1.7. der unmittelbar nachgeschaltete Tragluftbalken (2, 3, 12, 14.1, 14.2, 14.3, 22, 23, 30, 31, 32, 40, 41, 42, 50, 60) ist in einer Entfernung vom Walzenspalt der beiden Walzen (10, 20) angeordnet, die das 0,3- bis 1-fache des Walzendurchmessers beträgt, vorzugsweise das 0,5- bis 0,8-fache."
II. Gegen die Patenterteilung hat die Beschwerdeführerin (Einsprechende) wegen mangelnder Neuheit und mangelnder erfinderischer Tätigkeit (Artikel 100 a) EPÜ) Einspruch eingelegt. Sie stützte sich dabei im wesentlichen auf folgende Engegenhaltungen:
D1 CA-A-1 221 569;
D2 R. Rantanen, Pigmentieren mit der Filmleimpresse, 15. PTS Streicherei-Symposium - 17.-20.09.91, München; und
D4 Valmet Sym-Sizer, 6.1994, Firmenbroschüre.
Ein Einwand unter Artikel 100 b) EPÜ wurde während des Einspruchsverfahrens zurückgezogen.
III. In ihrer Entscheidung hat die Einspruchsabteilung festgestellt, dass die beanspruchten Prioritäten aus zwei früheren deutschen Anmeldungen nicht wirksam seien, weil keine dieser Anmeldungen das Merkmal 1.7 gemäß Anspruch 1 offenbare. Demzufolge sei Dokument D4 Stand der Technik und unter Artikel 54 (2) EPÜ zu berücksichtigen. Die Einspruchsabteilung hat die Neuheit des Streitgegenstandes indes anerkannt, weil - in Anlehnung an die Kammerentscheidung T 204/83 - Merkmal 1.7. aus den diesbezüglich zitierten Skizzen des vorgelegten Stands der Technik nicht eindeutig ableitbar sei. Sie hat auch erfinderische Tätigkeit für den Streitgegenstand anerkannt, weil dem zitierten Stand der Technik nicht zu entnehmen sei, dass Merkmal 1.7 für den Orangenschalen-Effekt, dessen Verringerung dem Streitpatent als technische Aufgabe zugrunde liege, eine Rolle spiele.

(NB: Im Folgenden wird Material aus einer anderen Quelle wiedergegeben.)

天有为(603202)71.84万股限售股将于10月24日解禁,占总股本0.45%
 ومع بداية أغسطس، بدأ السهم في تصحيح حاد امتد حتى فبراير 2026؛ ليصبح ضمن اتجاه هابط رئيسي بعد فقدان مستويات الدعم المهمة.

IV. Mit ihrer Beschwerdebegründung machte die Beschwerde-führerin erstmals offenkundige Vorbenutzung des Streit-gegenstandes durch die Pilotanlage ihres eigenen Valmet-Sym-Sizers in Rautpojha, Finnland geltend, welche ab 1. April 1992 in verschiedenen Veranstaltungen bzw. Präsentationen und ohne jede Geheimhaltungsverpflichtung einer breiten Öffentlichkeit zugänglich gewesen sei. Die Beschwerdeführerin bot hierzu Zeugenbeweis an.

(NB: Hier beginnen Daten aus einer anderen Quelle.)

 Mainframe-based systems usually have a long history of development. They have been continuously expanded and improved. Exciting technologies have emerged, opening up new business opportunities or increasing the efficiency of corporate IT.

V. Mit Bescheid vom 4. Oktober 2002 wies die Beschwerde-kammer darauf hin, dass der Einwand der offenkundigen Vorbenutzung möglicherweise als verspätet nicht zu berücksichtigen sei.

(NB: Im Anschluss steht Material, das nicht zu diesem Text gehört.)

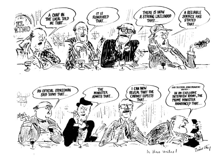 In El Vino veritas: leaks lampooned by Timothy Birdsall (courtesy of Spectator)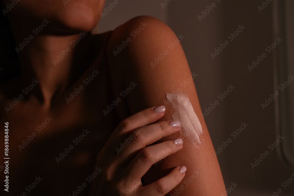 Young woman touching shoulder skin with hands while applying body cream. Skincare routine, moisturising texture, beauty care and self care concept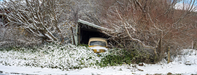 Old yellow Standard car in tumble-down garage overgrown and engulfed by weeds and trees, in snow. by Mal Austin

Mit Schreiben vom 4. Juni 2003 reichte die Beschwerde-führerin als Dokument D5 Kopien aus einem Buch aus dem Jahre 1983 mit dem Titel "Paperin Valmistus", Seiten 756 bis 759 ein sowie, als Dokument D6, eine englische Übersetzung einer Textpassage daraus.
VI. Am 6. Juni 2003 fand eine mündliche Verhandlung vor der Beschwerdekammer statt, in deren Verlauf die Beschwerdegegnerin (Patentinhaberin) einen geänderten Satz von sieben Patentansprüchen gemäß Hilfsantrag I vorlegte. Ein zweiter Hilfsantrag wurde während der mündliche Verhandlung wieder zurückgezogen.
Anspruch 1 des somit einzigen Hilfsantrages enthält gegenüber dem erteilten folgendes zusätzliche Merkmal:
"1.8 der auf den Walzenspalt folgende Tragluftbalken (12.1) ist derart angeordnet, daß die Papierbahn die eine der beiden Walzen nach dem Walzenspalt umschlingt."
VII. Die Beschwerdeführerin hat - schriftlich und mündlich - folgende Argumente vorgetragen:
- Der Streitgegenstand sei durch die offenkundige Vorbenutzung neuheitsschädlich vorweggenommen. Deren Einführung als Beweismaterial sei nicht von Anfang an notwendig gewesen, weil Merkmal 1.7 ursprünglich nicht relevant gewesen wäre. Erst in der mündlichen Verhandlung vor der Einspruchsabteilung wäre erkenn-bar geworden, dass der Einwand der Neuheitsschädlich-keit von Dokument D4 von der Einspruchsabteilung nicht akzeptiert werde, als diese erstmals geltend gemacht habe, dass ein aus einer Skizze ausgemessener Abstand nicht Stand der Technik sei.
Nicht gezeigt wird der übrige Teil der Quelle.